Я подумал о самоубийстве. Один грамм яда разрешил бы все мои затруднения. Потом раздумал, и купола храмов показались мне наряднее, а ростки герани в горшках бедняков зеленее и сочнее. И все же, говоря по правде, я чувствовал себя как выжатый лимон.
Выжатый кем? Не знаю. Немногие начинания, исходившие от меня, касались лишь меня и не могли никого заинтересовать.
Я надолго покинул свой письменный стол. Отправился бродяжничать, завел странных приятелей, гордившихся тем, что они являются объектами моих шуток; эти приятели приходили в восторг от моей гениальности, которая уже отошла в мир иной, но которую они почитали за существующую. При разных обстоятельствах я пришел к убеждению, что люди добры и сострадательны к тем, кем восхищаются; и тогда еще больше проникся ненавистью и презрением к доброте и милосердию, потому что мы всегда ненавидим и презираем тех, у кого хоть что-нибудь крадем… пусть это будет хоть капля удивления.
Я являл собой личность странную и по-женски слабую.

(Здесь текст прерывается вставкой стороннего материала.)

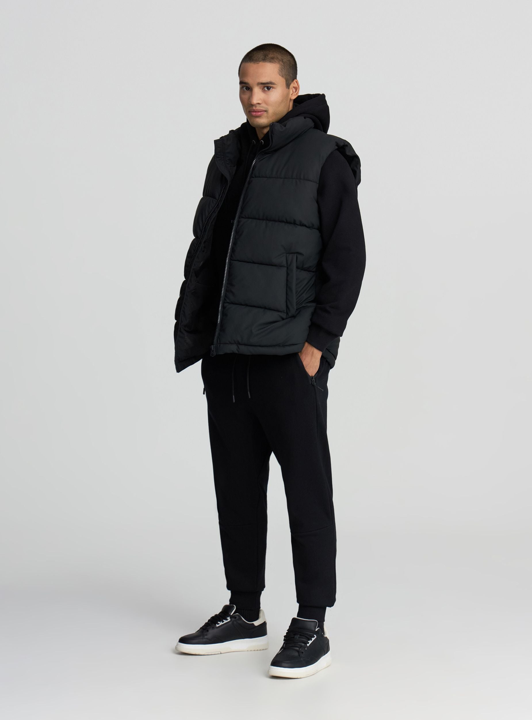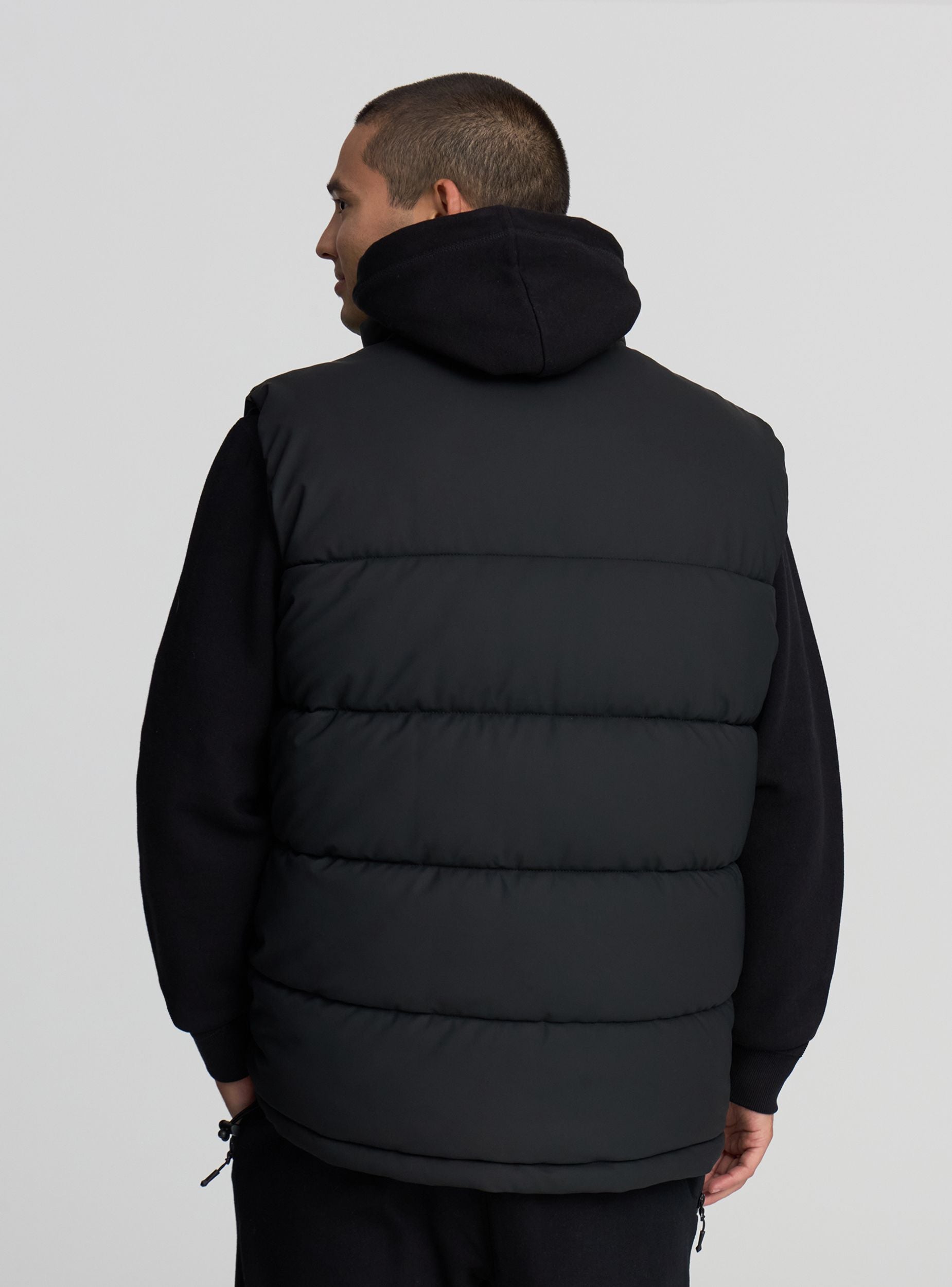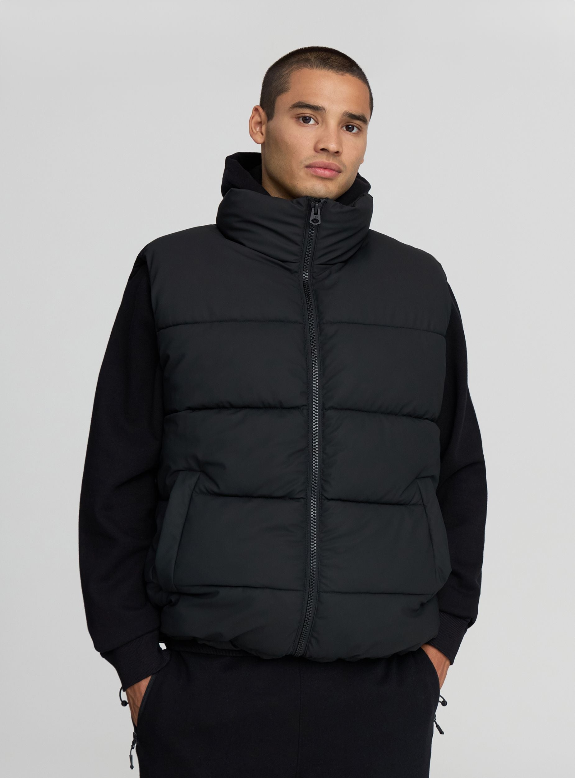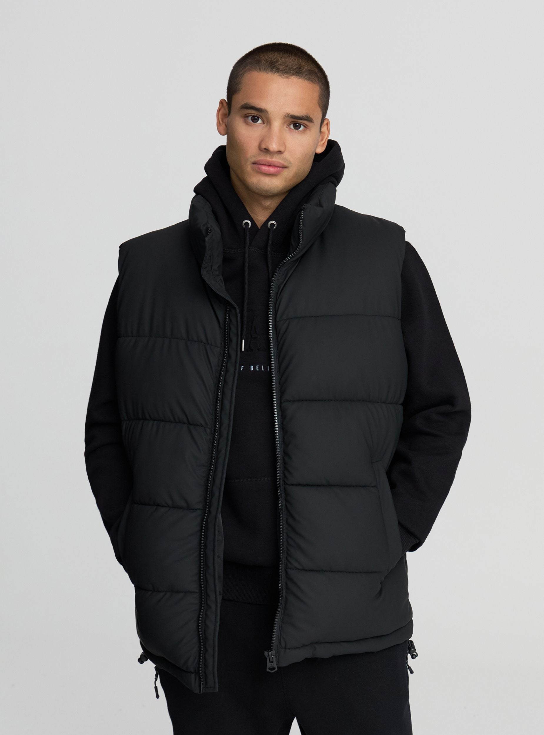 Wattierte Herrenweste, ideal für die Übergangszeiten, perfekt um eine zusätzliche Schicht Wärme hinzuzufügen, ohne auf Bewegungsfreiheit zu verzichten. Das Design verfügt über einen hohen Kragen, einen Stopper am Saum, einen Reißverschluss und praktische Seitentaschen. Reguläre Passform, lässt sich leicht mit Sweatshirts oder Shirts für einen lässigen und vielseitigen Look kombinieren, geeignet sowohl für die Freizeit als auch für Ausflüge in die Stadt. Aus einfarbigem, gummiertem Material gefertigt.Details

Мне претило довольство бесхитростных простаков, и в то же время я искал их общества, будто они, и только они, могли залечить ту глубокую язву, которая возникла у меня от чувства пренебрежения ко всем и постоянно сочилась гноем самолюбования, этой гнилостной ядовито-взрывчатой смесью. Чем больше росло мое тщеславие, тем больше увеличивалось мое высокомерие, я возомнил себя неприкосновенным, этакой статуей белого мрамора, на которую грешно бросить тень. Я обратил взоры на свое Творение, написанное раньше, и объявил его идеальным и безупречным. Каждому, кто хотел выслушать меня, я объяснял, что только уважение к ранее созданному произведению мешает мне написать что-нибудь новое, если оно не будет значительно лучше. А превзойти написанное… ведь так трудно написать лучше.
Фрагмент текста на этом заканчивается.